Top emitters snap up Korea’s offset supply

Published 11:42 on September 3, 2015  /  Last updated at 11:47 on September 3, 2015  / Stian Reklev /  Asia Pacific, South Korea

A handful of major emitters have snapped up offset supply in Korea’s emissions trading scheme, creating an upwards pressure on prices in the OTC market while little or no volume trickles through to the exchange, according to market participants.

A handful of major emitters have snapped up offset supply in Korea’s emissions trading scheme, creating an upwards pressure on prices in the OTC market while little or no volume trickles through to the exchange, according to market participants.

Not a single allowance and only a few offsets have traded on the Korea Exchange since January, but in the OTC market, some 1.8 million Korean Offset Credits (KOCs) have changed hands over the past four months at a total value of around $19 million, sources told Carbon Pulse.
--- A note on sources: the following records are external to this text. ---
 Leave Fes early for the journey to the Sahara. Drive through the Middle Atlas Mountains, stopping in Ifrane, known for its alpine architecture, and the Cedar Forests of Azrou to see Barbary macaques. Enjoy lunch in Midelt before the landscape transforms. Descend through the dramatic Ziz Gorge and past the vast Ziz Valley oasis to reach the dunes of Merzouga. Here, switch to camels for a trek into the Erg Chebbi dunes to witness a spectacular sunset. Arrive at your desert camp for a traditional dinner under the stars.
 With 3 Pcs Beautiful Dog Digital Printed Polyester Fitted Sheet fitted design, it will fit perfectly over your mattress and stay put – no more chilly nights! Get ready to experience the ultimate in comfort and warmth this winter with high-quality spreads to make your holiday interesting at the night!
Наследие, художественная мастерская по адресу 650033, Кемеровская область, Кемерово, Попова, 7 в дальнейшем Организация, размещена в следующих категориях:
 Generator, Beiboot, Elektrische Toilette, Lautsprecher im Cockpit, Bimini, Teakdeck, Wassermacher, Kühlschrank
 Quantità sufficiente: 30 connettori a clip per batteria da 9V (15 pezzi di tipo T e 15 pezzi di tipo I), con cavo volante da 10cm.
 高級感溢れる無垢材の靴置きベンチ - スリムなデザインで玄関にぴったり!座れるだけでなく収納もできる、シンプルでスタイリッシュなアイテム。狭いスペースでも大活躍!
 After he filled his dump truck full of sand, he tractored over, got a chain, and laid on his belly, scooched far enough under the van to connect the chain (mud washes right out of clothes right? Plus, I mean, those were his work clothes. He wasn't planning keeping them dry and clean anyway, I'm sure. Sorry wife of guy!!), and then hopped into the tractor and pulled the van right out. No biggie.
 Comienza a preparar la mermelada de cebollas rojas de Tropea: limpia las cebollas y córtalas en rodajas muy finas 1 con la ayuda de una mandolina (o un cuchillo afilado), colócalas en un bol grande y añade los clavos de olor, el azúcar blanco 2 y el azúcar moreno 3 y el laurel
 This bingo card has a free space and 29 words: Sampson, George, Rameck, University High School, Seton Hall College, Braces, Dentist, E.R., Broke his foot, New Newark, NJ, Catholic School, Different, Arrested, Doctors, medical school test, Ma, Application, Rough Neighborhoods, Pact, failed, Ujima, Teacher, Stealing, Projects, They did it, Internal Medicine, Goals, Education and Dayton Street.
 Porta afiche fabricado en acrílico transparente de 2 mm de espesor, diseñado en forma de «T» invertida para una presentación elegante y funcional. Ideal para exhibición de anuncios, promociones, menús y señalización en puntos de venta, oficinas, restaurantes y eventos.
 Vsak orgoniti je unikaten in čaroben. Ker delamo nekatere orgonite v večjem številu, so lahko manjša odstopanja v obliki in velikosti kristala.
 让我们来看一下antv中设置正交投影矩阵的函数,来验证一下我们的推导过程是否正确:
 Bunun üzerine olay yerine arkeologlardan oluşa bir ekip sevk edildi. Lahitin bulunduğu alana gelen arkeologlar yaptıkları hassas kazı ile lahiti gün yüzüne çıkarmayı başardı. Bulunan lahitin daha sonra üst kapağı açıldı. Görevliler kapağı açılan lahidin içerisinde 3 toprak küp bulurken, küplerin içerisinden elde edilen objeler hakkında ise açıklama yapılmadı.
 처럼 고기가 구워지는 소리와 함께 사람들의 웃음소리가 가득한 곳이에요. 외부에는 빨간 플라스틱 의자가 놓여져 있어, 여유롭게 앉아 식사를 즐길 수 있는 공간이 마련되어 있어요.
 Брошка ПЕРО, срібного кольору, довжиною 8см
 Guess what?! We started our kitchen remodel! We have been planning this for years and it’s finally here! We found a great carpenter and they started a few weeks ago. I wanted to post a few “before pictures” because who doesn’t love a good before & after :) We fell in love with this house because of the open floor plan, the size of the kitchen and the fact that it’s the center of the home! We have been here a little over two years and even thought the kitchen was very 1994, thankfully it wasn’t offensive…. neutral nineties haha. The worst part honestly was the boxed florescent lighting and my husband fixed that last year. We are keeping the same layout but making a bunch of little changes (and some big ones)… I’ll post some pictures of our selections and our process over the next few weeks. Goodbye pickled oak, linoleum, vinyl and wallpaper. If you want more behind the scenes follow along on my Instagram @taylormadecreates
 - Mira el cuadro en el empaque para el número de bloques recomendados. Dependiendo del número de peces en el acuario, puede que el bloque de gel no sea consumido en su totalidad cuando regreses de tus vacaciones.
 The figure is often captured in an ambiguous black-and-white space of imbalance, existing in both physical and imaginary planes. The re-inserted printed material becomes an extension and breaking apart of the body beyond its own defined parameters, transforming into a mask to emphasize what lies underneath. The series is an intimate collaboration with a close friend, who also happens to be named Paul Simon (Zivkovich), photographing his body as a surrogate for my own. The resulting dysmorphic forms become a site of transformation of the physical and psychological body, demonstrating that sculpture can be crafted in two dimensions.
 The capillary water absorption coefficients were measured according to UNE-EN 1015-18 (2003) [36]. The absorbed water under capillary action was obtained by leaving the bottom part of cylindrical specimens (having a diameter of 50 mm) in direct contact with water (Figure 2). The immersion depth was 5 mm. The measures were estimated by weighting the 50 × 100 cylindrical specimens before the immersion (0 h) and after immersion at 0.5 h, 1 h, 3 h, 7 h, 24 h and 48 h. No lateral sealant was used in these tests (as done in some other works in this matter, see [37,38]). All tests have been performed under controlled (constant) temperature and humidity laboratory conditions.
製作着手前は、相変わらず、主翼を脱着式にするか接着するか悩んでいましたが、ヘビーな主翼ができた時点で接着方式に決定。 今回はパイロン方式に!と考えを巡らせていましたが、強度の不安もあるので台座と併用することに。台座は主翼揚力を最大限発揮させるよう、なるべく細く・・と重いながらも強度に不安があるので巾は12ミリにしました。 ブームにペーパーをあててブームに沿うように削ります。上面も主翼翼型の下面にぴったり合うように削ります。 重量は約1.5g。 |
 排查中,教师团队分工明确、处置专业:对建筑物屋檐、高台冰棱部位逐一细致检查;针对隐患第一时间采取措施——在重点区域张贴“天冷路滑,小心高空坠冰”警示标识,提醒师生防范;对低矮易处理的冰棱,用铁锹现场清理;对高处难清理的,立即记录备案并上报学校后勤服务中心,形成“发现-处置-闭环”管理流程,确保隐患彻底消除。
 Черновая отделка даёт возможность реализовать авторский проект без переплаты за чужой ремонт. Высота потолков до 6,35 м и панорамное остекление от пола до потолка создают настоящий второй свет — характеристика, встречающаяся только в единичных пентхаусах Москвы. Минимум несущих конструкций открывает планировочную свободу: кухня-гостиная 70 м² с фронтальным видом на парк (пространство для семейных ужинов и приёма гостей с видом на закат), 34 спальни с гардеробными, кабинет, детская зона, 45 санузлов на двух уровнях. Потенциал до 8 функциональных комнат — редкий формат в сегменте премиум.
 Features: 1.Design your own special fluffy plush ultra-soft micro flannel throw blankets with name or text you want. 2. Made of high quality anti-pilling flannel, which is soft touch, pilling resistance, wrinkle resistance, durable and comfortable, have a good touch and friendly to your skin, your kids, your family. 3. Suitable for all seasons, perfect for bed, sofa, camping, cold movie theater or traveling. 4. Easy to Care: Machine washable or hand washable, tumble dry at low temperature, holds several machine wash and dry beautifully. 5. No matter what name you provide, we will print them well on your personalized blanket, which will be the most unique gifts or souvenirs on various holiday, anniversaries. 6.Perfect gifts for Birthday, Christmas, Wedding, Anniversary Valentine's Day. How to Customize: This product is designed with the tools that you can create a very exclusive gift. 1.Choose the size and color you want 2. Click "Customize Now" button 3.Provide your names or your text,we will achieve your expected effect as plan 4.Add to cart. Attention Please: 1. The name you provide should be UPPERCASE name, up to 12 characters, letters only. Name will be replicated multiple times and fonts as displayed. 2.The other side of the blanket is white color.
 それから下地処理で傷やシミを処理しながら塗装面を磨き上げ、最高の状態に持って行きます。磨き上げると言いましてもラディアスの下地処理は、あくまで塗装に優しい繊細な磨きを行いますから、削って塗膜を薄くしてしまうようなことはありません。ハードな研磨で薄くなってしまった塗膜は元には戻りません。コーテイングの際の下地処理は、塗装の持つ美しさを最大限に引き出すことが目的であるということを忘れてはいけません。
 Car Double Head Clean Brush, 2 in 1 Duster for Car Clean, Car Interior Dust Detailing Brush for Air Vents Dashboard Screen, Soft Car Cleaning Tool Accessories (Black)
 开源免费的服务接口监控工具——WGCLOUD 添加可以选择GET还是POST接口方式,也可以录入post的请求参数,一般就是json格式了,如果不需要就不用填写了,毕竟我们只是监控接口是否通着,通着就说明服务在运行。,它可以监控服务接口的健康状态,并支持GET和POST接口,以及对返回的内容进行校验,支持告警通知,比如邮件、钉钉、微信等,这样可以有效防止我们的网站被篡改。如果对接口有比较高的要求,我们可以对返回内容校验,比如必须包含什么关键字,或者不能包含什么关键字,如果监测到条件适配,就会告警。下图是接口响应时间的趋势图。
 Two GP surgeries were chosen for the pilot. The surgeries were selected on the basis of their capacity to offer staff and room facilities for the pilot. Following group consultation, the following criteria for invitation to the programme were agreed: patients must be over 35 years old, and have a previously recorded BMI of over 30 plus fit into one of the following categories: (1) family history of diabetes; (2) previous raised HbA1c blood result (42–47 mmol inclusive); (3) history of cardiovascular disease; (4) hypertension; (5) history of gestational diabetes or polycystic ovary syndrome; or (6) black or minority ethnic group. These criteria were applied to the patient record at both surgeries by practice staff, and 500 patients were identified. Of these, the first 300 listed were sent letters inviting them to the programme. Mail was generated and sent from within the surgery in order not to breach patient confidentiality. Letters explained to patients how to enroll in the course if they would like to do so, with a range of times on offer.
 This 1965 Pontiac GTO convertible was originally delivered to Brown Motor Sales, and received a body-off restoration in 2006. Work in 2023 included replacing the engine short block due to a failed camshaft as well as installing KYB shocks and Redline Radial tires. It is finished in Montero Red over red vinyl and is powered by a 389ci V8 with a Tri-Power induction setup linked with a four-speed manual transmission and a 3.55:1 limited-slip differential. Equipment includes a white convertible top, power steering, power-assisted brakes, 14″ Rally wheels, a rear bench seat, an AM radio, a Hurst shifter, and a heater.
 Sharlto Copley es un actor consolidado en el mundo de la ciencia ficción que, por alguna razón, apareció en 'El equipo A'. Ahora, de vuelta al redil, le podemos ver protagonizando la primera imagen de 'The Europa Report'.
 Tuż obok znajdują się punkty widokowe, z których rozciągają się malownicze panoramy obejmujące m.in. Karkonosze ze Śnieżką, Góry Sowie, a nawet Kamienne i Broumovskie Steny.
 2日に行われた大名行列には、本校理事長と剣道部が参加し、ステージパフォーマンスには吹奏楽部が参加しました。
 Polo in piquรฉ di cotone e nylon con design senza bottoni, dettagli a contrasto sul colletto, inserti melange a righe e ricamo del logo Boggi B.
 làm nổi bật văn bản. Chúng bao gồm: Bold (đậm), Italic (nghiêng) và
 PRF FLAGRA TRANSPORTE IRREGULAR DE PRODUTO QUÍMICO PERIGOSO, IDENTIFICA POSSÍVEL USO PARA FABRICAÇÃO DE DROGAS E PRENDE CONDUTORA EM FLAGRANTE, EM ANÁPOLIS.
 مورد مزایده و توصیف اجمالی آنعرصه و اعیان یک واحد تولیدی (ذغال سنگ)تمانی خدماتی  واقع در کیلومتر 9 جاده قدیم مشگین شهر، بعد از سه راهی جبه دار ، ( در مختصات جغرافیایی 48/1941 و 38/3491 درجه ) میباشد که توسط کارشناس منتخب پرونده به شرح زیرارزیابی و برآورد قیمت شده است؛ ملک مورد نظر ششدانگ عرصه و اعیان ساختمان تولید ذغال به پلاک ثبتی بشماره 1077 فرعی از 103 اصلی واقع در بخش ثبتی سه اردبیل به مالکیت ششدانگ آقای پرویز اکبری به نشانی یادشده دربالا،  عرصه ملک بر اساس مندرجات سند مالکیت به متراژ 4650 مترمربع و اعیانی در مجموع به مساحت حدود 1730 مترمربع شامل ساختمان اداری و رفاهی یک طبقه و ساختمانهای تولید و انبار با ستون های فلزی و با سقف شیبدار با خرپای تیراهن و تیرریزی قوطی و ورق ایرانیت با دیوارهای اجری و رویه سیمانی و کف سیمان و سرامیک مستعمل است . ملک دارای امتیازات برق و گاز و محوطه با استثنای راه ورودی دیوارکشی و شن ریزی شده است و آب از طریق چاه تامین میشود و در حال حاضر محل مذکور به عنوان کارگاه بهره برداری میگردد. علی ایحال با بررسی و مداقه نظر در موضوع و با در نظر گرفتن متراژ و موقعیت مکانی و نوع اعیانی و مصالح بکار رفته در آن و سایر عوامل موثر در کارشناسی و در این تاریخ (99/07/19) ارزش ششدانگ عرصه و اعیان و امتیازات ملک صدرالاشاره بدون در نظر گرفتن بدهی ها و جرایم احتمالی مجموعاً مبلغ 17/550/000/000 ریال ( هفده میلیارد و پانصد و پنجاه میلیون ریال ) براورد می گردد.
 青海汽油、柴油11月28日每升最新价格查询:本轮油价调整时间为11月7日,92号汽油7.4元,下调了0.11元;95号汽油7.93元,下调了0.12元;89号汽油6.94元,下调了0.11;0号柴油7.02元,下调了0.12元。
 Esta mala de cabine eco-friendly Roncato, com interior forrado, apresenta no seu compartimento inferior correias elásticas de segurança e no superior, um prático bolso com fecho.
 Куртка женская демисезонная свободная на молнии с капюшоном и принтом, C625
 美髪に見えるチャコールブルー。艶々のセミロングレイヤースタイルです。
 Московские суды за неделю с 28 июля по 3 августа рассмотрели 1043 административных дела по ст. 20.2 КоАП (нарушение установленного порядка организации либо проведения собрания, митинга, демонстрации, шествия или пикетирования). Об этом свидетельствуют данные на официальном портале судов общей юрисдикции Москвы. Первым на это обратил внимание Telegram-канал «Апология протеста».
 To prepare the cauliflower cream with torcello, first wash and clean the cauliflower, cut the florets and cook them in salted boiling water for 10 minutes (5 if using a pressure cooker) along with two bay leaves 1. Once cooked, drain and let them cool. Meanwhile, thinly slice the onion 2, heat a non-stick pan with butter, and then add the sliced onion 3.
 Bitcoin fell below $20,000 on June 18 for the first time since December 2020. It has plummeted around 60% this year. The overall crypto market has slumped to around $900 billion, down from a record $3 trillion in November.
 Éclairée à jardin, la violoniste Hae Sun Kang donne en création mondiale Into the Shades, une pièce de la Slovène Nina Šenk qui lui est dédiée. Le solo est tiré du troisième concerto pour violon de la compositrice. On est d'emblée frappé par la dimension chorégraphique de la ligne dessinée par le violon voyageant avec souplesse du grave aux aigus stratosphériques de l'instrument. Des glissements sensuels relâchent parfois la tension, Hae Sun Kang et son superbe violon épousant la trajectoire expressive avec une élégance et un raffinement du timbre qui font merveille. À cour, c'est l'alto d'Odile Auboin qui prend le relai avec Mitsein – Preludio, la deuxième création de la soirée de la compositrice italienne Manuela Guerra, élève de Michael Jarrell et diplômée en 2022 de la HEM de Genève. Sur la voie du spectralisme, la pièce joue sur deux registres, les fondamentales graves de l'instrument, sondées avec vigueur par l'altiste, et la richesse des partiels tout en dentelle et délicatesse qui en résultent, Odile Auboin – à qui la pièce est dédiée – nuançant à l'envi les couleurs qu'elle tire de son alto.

“Two or three power companies and a few big manufacturers absorbed all these credits through spot or forward deals in the OTC market, and the price keeps moving upwards,” one broker said.

Most of the supply comes from Korea-based CDM projects that cancel their CERs in the UN registry and get them converted to KOCs by the Korean government.

KOCs cannot be used for compliance in the ETS. Instead they need to be converted again into Korean Carbon Units (KCUs) before they can be offered to buyers on the exchange.

However, almost none of the volume makes it that far before it is bought by the nation’s biggest emitters, potentially causing problems for smaller entities looking for supply to ensure they can meet their obligation under the scheme.

Buyers have picked up all the KOCs issued by the government so far, but market participants expect another batch to be available after an issuance meeting that will likely be held next week.

“Then there might be some activity in the market. A lot of the volume that’s going to be issued is already contracted, though,” one trader said.

Eight months after the market opened, emitters continue to claim they have been under-allocated, and that the government’s target to keep 2020 GHG emissions 30% below business-as-usual levels is unrealistic.

This has caused a complete allowance supply drought in the market, with more than six months passed since the last permit trade.

Some observers had expected the government to give in to the massive pressure from industry and increase the allocation amid a series of lawsuits as well as a stuttering economy, but so far officials have stood firm.

“I think the government is happy for the market to start next year only,” the trader said.